Participação pública fortalece a conservação
Para o doutor em Zoologia João Victor A. Lacerda, pesquisador do Instituto Nacional da Mata Atlântica (INMA), a relevância do trabalho vai muito além da descoberta sobre os lagartos. Para o pesquisador, o estudo demonstra o potencial transformador da ciência cidadã ao converter observações cotidianas em conhecimento científico de alcance global. “A notória relevância do estudo pode ser analisada por diferentes perspectivas. Apesar da importância de compreender os impactos crescentes da radiação solar sobre a biodiversidade, a origem do conjunto de dados foi um dos aspectos que mais me chamou a atenção: mais de 130 mil fotografias provenientes do iNaturalist, uma plataforma em que a sociedade compartilha registros da natureza”, destaca.

Lacerda observa que fotografias feitas durante atividades simples, como uma caminhada em uma praça, podem ganhar novo significado quando compartilhadas em plataformas colaborativas. “Antes, essas imagens ficariam esquecidas ocupando apenas memória em aparelhos celulares ou, no máximo, acumulando curtidas nas redes sociais. Graças a plataformas como o iNaturalist, essas observações podem ser convertidas em ciência e conservação”, afirma.
O pesquisador também ressalta a importância da divulgação científica para aproximar a sociedade da produção do conhecimento. “Divulgar esses achados em canais de amplo alcance permite que as pessoas compreendam o impacto real de suas contribuições individuais e se sintam motivadas a fazer parte da ciência e da conservação ambiental.

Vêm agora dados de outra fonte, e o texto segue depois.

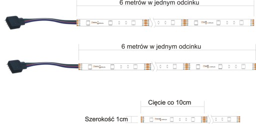 Jeśli taśma okaże się za długa można ją przycinać co segment 10cm
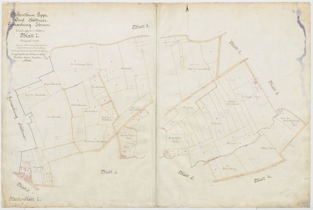 Fürstentum Lippe, Amt Schötmar, Gemarkung Ehrsen. Gemarkungskarte in acht Blättern im Maßstab 1:1000 bzw. 1: 2000. Gemessen 1879 durch Feldmesser Marks, kartiert 1880 durch Zeichner Menke/ Eleven Abresch. Ausgefertigt Detmold 1886 durch die Fürstliche Cataster-Inspektion.

É sempre bom lembrar: não há luz na conservação se não for a partir do envolvimento de todos”.
Ao demonstrar que apenas 89 registros foram encontrados entre mais de 136 mil observações, o estudo reafirma que lagartos com múltiplas caudas continuam sendo um fenômeno extremamente raro. Ao mesmo tempo, evidencia como a participação da sociedade está ampliando a capacidade da ciência de compreender eventos antes praticamente invisíveis, reforçando a importância da ciência cidadã para a pesquisa, a conservação da biodiversidade e o enfrentamento dos desafios ambientais do futuro.